## Information given
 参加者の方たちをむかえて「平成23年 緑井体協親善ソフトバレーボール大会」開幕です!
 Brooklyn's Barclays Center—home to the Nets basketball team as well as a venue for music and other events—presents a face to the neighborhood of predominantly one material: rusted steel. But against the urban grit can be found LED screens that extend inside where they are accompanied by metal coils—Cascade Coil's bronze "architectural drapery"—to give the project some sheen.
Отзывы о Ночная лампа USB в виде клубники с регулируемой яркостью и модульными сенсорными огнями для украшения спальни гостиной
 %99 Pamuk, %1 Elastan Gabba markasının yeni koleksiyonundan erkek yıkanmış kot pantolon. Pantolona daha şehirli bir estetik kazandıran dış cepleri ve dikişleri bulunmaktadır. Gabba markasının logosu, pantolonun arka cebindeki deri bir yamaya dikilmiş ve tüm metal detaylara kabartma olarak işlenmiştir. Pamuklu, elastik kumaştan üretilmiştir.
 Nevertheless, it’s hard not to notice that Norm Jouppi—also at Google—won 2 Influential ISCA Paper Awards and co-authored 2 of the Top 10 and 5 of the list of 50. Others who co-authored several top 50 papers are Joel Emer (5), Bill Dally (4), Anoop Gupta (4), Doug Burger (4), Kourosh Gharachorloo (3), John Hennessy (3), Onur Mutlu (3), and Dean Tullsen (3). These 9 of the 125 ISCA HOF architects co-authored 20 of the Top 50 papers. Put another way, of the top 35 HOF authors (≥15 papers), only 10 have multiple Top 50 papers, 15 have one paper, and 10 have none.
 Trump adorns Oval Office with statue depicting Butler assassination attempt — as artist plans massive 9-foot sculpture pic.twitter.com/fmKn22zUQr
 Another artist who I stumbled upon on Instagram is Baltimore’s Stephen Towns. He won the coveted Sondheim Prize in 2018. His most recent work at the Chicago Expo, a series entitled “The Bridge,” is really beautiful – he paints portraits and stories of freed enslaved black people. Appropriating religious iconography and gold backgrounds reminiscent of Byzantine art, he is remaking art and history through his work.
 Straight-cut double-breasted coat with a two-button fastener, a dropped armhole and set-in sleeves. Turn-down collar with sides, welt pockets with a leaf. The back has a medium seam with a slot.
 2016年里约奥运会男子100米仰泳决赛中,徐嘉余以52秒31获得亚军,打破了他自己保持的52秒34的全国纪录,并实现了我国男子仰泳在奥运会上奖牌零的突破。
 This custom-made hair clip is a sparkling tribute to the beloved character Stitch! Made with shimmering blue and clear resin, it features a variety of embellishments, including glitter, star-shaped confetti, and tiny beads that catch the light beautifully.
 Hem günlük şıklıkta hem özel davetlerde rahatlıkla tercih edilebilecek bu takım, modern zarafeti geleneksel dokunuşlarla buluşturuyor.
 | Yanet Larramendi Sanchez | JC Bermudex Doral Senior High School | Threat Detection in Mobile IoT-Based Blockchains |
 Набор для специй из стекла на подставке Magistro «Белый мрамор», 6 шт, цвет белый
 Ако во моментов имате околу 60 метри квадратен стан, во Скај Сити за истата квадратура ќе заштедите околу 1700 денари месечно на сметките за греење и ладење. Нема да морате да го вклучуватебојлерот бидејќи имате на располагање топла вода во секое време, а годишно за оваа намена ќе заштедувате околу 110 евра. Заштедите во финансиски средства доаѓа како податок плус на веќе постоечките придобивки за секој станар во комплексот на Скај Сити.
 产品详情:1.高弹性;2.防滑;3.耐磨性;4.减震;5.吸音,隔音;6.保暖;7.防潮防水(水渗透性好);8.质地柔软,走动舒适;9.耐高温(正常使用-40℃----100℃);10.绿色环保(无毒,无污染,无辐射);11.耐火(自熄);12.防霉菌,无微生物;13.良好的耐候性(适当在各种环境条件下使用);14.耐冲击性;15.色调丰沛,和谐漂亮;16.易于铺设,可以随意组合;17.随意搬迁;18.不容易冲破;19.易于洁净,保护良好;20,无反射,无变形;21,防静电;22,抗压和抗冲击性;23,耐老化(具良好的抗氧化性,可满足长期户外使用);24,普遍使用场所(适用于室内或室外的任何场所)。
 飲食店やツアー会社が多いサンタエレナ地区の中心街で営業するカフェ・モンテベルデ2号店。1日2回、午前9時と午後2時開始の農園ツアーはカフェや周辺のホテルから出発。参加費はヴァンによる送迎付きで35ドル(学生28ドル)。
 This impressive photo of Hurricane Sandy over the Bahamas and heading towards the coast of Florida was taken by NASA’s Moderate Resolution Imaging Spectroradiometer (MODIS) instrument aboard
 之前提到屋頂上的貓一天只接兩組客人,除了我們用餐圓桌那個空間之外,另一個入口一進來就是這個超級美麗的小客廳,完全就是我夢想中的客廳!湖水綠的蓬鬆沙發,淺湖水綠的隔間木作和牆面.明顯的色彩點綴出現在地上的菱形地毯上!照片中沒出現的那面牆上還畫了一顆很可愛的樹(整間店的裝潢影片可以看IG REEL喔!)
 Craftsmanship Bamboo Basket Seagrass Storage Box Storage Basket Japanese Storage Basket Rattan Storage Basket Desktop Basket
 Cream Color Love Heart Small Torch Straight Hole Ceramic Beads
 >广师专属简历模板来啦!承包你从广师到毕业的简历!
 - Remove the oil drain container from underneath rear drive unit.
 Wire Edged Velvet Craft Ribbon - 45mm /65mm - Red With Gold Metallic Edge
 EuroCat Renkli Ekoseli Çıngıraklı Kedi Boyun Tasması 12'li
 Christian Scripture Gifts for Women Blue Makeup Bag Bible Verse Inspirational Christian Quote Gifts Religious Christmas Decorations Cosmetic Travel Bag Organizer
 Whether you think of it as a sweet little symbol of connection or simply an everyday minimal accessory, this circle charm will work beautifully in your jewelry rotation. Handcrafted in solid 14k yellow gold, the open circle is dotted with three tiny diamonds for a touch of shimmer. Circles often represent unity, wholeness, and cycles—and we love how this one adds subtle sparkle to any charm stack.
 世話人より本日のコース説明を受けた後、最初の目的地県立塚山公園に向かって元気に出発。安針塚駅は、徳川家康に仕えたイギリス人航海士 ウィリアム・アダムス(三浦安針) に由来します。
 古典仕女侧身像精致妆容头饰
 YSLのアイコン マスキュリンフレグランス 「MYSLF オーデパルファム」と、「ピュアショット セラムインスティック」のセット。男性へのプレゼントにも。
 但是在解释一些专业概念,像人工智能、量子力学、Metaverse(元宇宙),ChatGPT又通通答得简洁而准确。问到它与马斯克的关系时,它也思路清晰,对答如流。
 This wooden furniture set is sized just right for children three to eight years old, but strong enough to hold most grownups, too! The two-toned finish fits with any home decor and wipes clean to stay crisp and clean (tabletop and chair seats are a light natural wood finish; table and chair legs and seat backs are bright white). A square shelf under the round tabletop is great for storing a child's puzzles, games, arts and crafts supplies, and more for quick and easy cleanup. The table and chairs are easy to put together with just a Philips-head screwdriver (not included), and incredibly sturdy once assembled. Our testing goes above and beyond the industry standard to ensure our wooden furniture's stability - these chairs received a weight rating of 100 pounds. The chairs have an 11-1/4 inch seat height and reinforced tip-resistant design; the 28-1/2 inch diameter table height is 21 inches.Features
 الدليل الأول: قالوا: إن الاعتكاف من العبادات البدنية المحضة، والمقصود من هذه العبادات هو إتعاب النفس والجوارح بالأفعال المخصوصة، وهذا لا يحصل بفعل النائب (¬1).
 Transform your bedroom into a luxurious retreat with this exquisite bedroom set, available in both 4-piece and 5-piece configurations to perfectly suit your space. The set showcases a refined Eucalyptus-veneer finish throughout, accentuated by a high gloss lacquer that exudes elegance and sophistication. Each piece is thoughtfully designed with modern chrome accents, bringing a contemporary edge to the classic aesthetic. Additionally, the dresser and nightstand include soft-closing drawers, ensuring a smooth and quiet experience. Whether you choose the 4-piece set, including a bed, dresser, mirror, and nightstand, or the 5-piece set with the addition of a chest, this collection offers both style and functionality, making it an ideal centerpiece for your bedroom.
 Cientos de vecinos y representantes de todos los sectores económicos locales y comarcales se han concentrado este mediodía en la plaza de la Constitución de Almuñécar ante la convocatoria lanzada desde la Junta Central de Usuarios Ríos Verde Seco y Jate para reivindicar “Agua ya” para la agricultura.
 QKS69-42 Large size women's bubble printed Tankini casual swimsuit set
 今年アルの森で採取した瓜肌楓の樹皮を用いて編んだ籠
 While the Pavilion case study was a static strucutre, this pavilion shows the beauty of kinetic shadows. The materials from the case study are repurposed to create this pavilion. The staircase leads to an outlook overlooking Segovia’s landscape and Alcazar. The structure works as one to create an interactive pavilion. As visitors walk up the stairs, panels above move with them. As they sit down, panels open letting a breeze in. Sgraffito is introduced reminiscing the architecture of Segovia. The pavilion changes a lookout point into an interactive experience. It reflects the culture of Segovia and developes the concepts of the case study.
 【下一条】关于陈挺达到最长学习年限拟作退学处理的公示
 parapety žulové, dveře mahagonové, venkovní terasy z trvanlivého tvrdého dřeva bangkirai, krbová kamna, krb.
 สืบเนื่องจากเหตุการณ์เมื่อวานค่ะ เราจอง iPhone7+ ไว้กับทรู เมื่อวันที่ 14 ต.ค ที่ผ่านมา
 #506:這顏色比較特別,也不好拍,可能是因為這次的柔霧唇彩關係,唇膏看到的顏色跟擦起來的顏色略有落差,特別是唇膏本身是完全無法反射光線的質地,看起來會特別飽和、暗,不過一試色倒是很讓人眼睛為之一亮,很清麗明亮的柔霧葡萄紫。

## Requirement
Which lines of the data contain the string "they"? Copy each of them.

## Answer for the task
 Brooklyn's Barclays Center—home to the Nets basketball team as well as a venue for music and other events—presents a face to the neighborhood of predominantly one material: rusted steel. But against the urban grit can be found LED screens that extend inside where they are accompanied by metal coils—Cascade Coil's bronze "architectural drapery"—to give the project some sheen.
 While the Pavilion case study was a static strucutre, this pavilion shows the beauty of kinetic shadows. The materials from the case study are repurposed to create this pavilion. The staircase leads to an outlook overlooking Segovia’s landscape and Alcazar. The structure works as one to create an interactive pavilion. As visitors walk up the stairs, panels above move with them. As they sit down, panels open letting a breeze in. Sgraffito is introduced reminiscing the architecture of Segovia. The pavilion changes a lookout point into an interactive experience. It reflects the culture of Segovia and developes the concepts of the case study.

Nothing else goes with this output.